**Aim of the task:** Everything from the line with "Уборка экрана компьютера в офисе Женщина" down to the line with "in Japan 2025」TOP100にも選出されています。" below must be printed exactly, those two lines included. Exclude pictures.

Start of Records to process

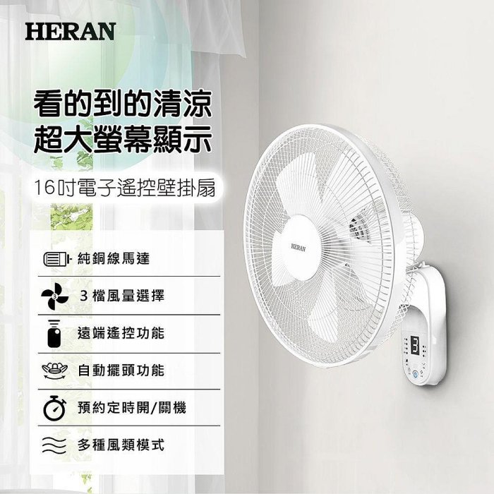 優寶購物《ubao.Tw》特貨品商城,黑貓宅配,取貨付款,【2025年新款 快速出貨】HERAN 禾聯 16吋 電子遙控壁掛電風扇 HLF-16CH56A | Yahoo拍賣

End of Records to process
Start of Records to process

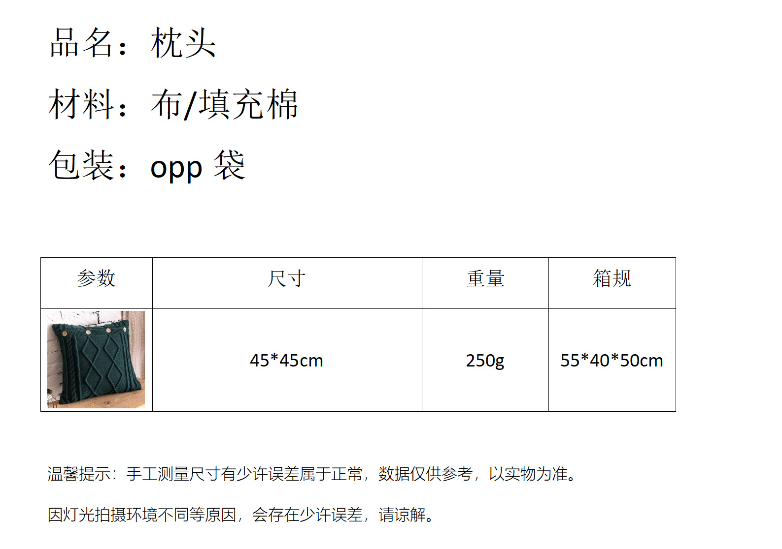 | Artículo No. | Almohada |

End of Records to process
Start of Records to process

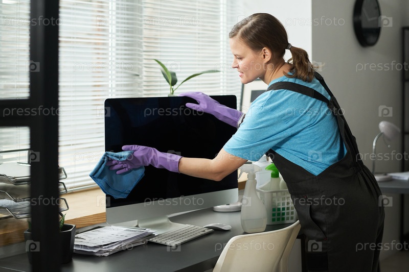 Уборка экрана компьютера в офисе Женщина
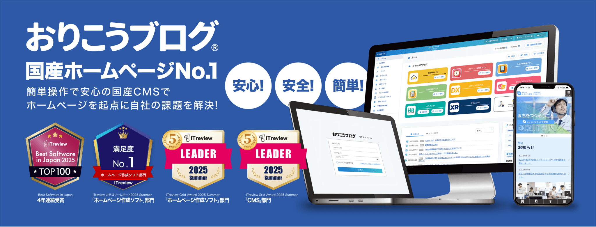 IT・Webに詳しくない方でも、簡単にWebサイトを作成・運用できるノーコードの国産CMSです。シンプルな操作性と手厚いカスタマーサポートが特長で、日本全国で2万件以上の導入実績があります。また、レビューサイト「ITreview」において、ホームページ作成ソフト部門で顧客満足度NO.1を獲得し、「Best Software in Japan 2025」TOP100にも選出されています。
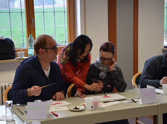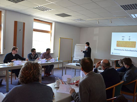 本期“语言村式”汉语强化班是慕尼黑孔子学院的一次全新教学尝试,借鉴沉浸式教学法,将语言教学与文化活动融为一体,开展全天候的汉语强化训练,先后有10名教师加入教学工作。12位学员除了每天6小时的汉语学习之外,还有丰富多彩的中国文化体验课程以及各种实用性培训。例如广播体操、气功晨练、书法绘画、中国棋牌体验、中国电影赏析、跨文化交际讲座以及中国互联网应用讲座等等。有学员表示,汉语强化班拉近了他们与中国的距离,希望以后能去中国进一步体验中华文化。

End of Records to process

**Task answer:**
 Уборка экрана компьютера в офисе Женщина
 IT・Webに詳しくない方でも、簡単にWebサイトを作成・運用できるノーコードの国産CMSです。シンプルな操作性と手厚いカスタマーサポートが特長で、日本全国で2万件以上の導入実績があります。また、レビューサイト「ITreview」において、ホームページ作成ソフト部門で顧客満足度NO.1を獲得し、「Best Software in Japan 2025」TOP100にも選出されています。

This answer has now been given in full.